Yes, faith; and 'tis pity. But, by God, Blücher, I think, and I can make a shift To do the business without troubling 'em! Though I've an infamous army, that's the truth,-- Weak, and but ill-equipped,--and what's as bad, A damned unpractised staff!

MUFFLING

We'll hope for luck. Blücher concentrates certainly by now Near Ligny, as he says in his dispatch. Your Grace, I glean, will mass at Quatre-Bras?

WELLINGTON

Ay, now we are sure this move on Charleroi Is no mere feint. Though I had meant Nivelles. Have ye a good map, Richmond, near at hand?

RICHMOND

In the next room there's one. [Exit RICHMOND.]
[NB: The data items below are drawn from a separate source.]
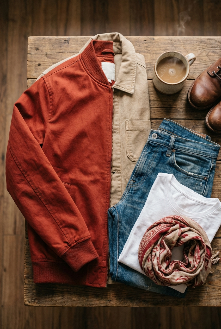 For the red element, look for matte textures. A boiled wool bomber, a suede moto jacket, or a heavy cotton canvas utility jacket adds depth. These fabrics soften the intensity of the red, making it feel rich rather than jarring.
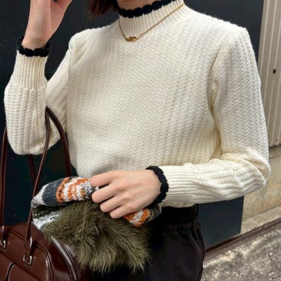 長めにとったリブに首元や袖口、裾の配色がちょっとしたアクセントに丁度いいリブ編みニット
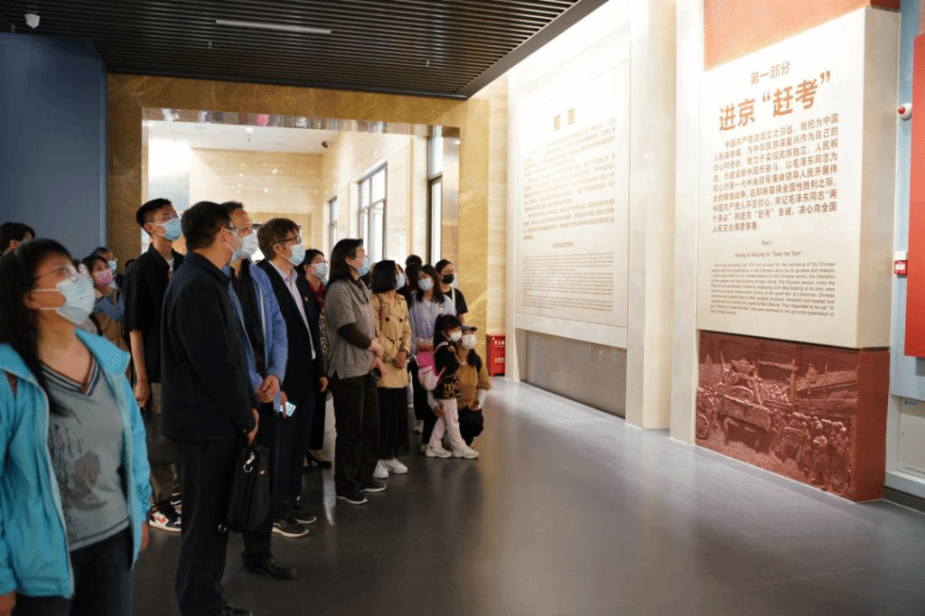 在进京“赶考”展区,老师与同学们不时驻足观看。中共七届二中全会确定12本干部必读书目展柜吸引了大家的目光,党总支书记祝和军老师谈到:“毛泽东同志在七届二中全会的总结中曾经指出,规定在三年内把这十二本书读一到两遍,对宣传马克思主义,提高我们的马克思主义水平,应当有共同的认识。这对我们今天深化马克思主义理论教学,推进党史学习教育也有着重要的启示意义。我们既要树立经典意识、原著意识,更要真正做到读完读通,入心入脑,即学即行;在渡江战役中使用的木船前,同学们迟迟不愿离去。2020级党员陈曦同学说到:“正是在香山,中共中央指挥了举世闻名的渡江战役,吹响了“打过长江去,解放全中国”的伟大进军号角。今天看到展示的木船,仿佛能跨越历史感受到“钟山风雨起苍黄,百万雄师过大江”的豪迈气势;在“不忘初心、牢记使命”展区,参与活动的2020级入党积极分子冯子妍同学不时拍照留存,她说:“今天的参观让我了解到了在党的领导下,中华民族是如何站起来的。中国特色社会主义进入新时代,我们又实现了由富起来到强起来的伟大飞跃。我们要倍加珍惜这来之不易的革命建设成果,不忘初心、牢记使命”;参观最后,公司党总支全体党员在纪念馆宣誓厅进行了“重温入党誓词”活动。面对着鲜红的党旗,员工党支部书记冯高洋领誓,马院全体党员紧握拳头、举起右手,重温了入党誓词。
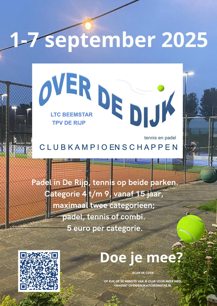 LTC Beemstar en TPV De Rijp slaan opnieuw de handen ineen met ‘Over de Dijk’ toernooi Nieuws by sjaakmartens - 15 juli 202515 juli 2025 Na een succesvolle eerste editie bundelen tennisverenigingen LTC Beemstar en TPV De Rijp dit jaar opnieuw hun krachten voor de gezamenlijke clubkampioenschappen: het ‘Over de Dijk’ tennis- en padeltoernooi. Sinds de aanleg van de padelbanen in De Rijp is de uitwisseling tussen beide clubs alleen maar toegenomen. Steeds meer senioren zijn op beide parken actief, en ook jeugdleden spelen samen competitie. Het idee om samen een clubkampioenschap te organiseren lag dus voor de hand. Een wedstrijdcommissie, met leden uit beide verenigingen, verzorgt de organisatie. Het toernooi vindt plaats in de eerste week van september (1 t/m 7 september) en wordt gespeeld op beide parken. Deelnemers kunnen rekenen op veel wedstrijden, vertrouwde én nieuwe tegenstanders, en natuurlijk de bekende sportieve sfeer — met als extraatje een afsluitende barbecue voor alle deelnemers. Praktische info: Datum: 1 t/m 7 september Voor wie: Leden vanaf 15 jaar Disciplines: Tennis én padel, Categorieën 4 tm 9 Inschrijven: Via Toernooi.nl — zoek op Over de Dijk Vragen? Mail naar overdedijk@ltcbeemstar.nl Met vriendelijke groet, Liesbeth Klinkhamer Albertsma tel 06 13563127 Dit delen: Klik om te delen op X (Wordt in een nieuw venster geopend) X Klik om te delen op Facebook (Wordt in een nieuw venster geopend) Facebook Gerelateerd

[WELLINGTON calls up various general officers and aides from other parts of the room. PICTON, UXBRIDGE, HILL, CLINTON, VIVIAN, MAITLAND, PONSONBY, SOMERSET, and others join him in succession, receive orders, and go out severally.]

PRINCE OF ORANGE

As my divisions seem to lie around The probable point of impact, it behoves me To start at once, Duke, for Genappe, I deem? Being in Brussels, all for this damned ball, The dispositions out there have, so far, Been made by young Saxe Weimar and Perponcher, On their own judgment quite. I go, your Grace?

WELLINGTON

Yes, certainly. 'Tis now desirable. Farewell! Good luck, until we meet again, The battle won!

[Exit PRINCE OF ORANGE, and shortly after, MUFFLING. RICHMOND returns with a map, which he spreads out on the table. WELLINGTON scans it closely.]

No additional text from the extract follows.